Шанк уважал принципы. И Майкла — тоже. Он ведь был единственным, кто на рыбалке выкатился за пределы «мыльницы», вскочил и звезданул Шанку по челюсти. Рукой. Шанк машинально врезал ему под дых, но тоже рукой. Когда драка на руках, трахать уже нельзя. Майкл тогда загнал Шанка в угол ближайшей кабинки. У каторжников, порядком распаленных, ретивое не выдержало, и, пока бригадир восстанавливал дыхание, Майкла уже уделали скопом. Правда, не мочалками, а руками. А трахнули стукача. Так всегда поступали — если нельзя брать рыбку, Шанк сдавал стукачей.

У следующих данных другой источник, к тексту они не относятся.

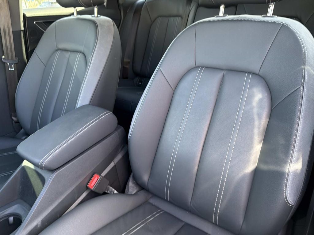 8 Speakers, ABS brakes, Air Conditioning, Alloy wheels, Auto High-beam Headlights, Automatic temperature control, Brake assist, Bumpers: body-color, Delay-off headlights, Driver door bin, Driver vanity mirror, Dual front impact airbags, Dual front side impact airbags, Electronic Stability Control, Emergency communication system: Audi connect CARE, Exterior Parking Camera Rear, Four wheel independent suspension, Front anti-roll bar, Front Bucket Seats, Front Center Armrest, Front dual zone A/C, Front reading lights, Fully automatic headlights, Genuine wood dashboard insert, Heated door mirrors, Heated Front Seats, Heated front seats, Illuminated entry, Leather Seating Surfaces, Leather steering wheel, Low tire pressure warning, Occupant sensing airbag, Outside temperature display, Overhead airbag, Overhead console, Panic alarm, Passenger door bin, Passenger vanity mirror, Power door mirrors, Power driver seat, Power Liftgate, Power moonroof: Panoramic, Power steering, Power windows, Radio data system, Radio: Audi Sound System, Rain sensing wipers, Rear air conditioning, Rear anti-roll bar, Rear reading lights, Rear seat center armrest, Rear window defroster, Rear window wiper, Remote keyless entry, Security system, Speed control, Speed-sensing steering, Split folding rear seat, Spoiler, Steering wheel mounted audio controls, TBD Axle Ratio, Telescoping steering wheel, Tilt steering wheel, Traction control, Trip computer, Turn signal indicator mirrors, Variably intermittent wipers, Wheels: 19 5-Arm Design.

Он знал их наперечет, сам, наверное, тоже постукивал — но никогда не сливал серьезную инфу. Да и выгоден он был администрации, без него мятежи случались бы чаше.

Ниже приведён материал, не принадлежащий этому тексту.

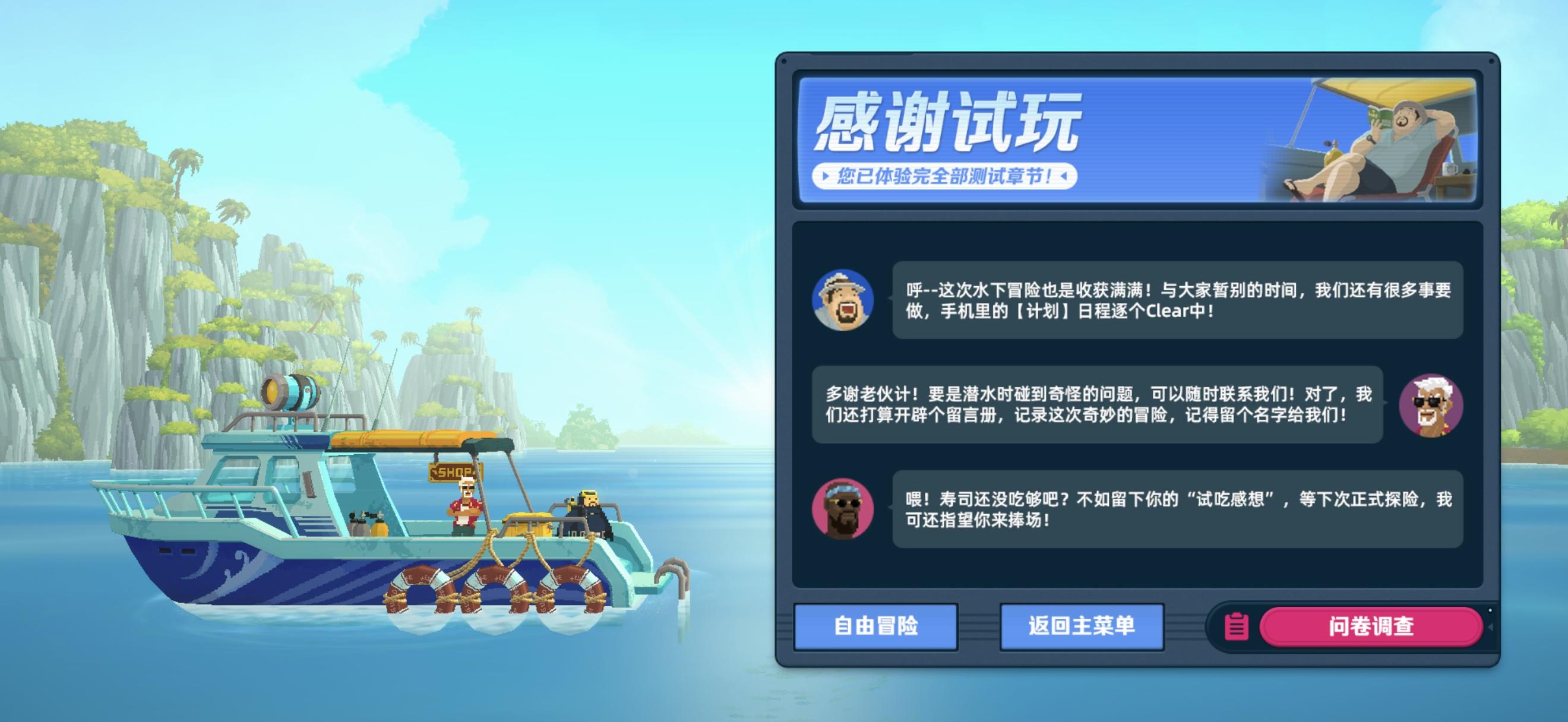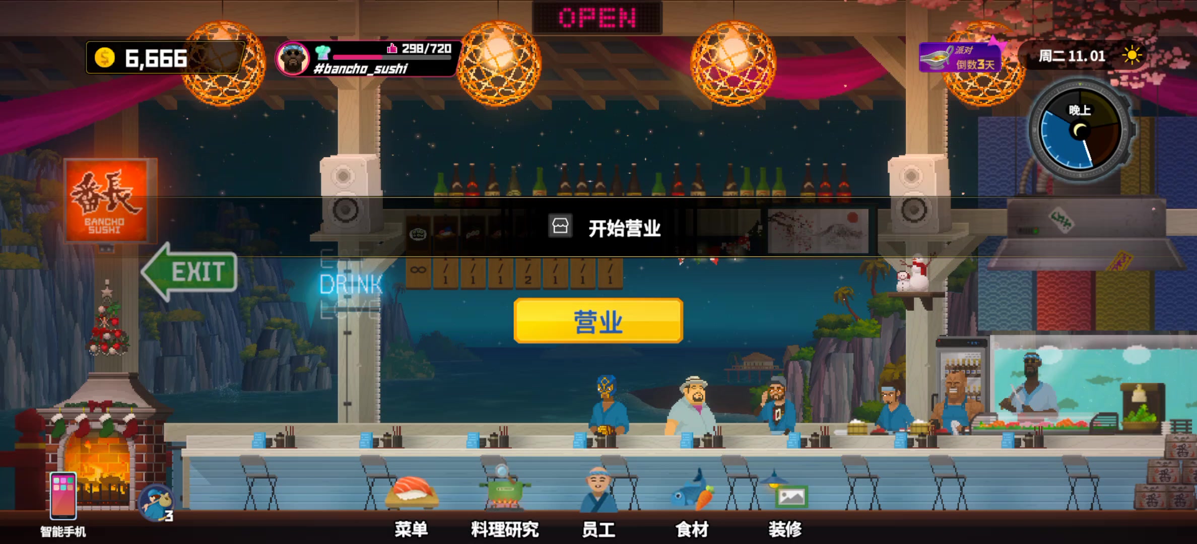 每天晚上都是等好几秒钟,只有一个人进来 ,等他吃完喝完出门了又会进来一个跟他一模一样的人 然后才来客流,浪费得有四分之一营业时间还有,手机端要是一直在线不退出游戏 就会越来越卡 交互卡 碰见交互键都卡 屏幕上出现说明也卡,得退出重进才流畅#潜水员戴夫

Но Майкла, чтоб не зарывался, приказал остричь. У вертухая отыскался тупой перочинный нож, который он, не особо чинясь, сдал в аренду: хотел на цирк посмотреть. Майкла обкромсали и набили ему полный рот его же волос. Такого унижения он в жизни не видал, но — пережил. Пережил и выжил. Ему ничего другого не оставалось. Волосы торчали клоками, а он ходил, высоко подняв голову, и его за это уважали.
— Как знаешь, — кивнул Шанк. — А я тебе что сказать хотел? Я списки на переселение видел. Тебя ко мне в этот раз.
Майкл промолчал, хотя обрадовался: лучшее соседство из всех возможных вариантов.
— У меня карты есть, — шепнул Шанк. — Настоящие.
И вопросительно посмотрел на Майкла. Забавный он был, нынешний бригадир Нижней Палаты. Для чистого негроида кожа его казалась слишком светлой. Хотя все остальное вполне соответствовало: глаза навыкате, плоский нос и толстые губы. И эти влажные выпуклые очи сейчас без слов умоляли Майкла.
Он знал, какая у бригадира мечта. Шанк вырос где-то на задворках, и каторга ему была на роду написана. А он мечтал жить как благородный. Что это такое, Шанк представлял плохо, но точно знал, что без умения играть в преферанс из благородных его турнут. В преф же, как назло, никто в Нижней Палате играть не умел, а в Верхнюю его не звали.
— Научу, — сказал Майкл. — Только учти: без ставки играть нельзя.
— У меня трава есть! — обрадовался Шанк. — Классная, и почти без запаха, — он сделал хитрый жест пальцами, лукаво прищурившись.
Трава… Травки Майклу хотелось.
— Договорились, — кивнул он.
Когда Майкл отправился в раздевалку, Киску еще насиловали. Он плакал, кусал распухшие губы и трудно дышал. А за его спиной переминался с ноги на ногу Рекс — мужик с прибором по колено. Его и профессиональные шлюхи боялись, а мужика, да еще и неопытного, порвет как грелку. Майкл радовался.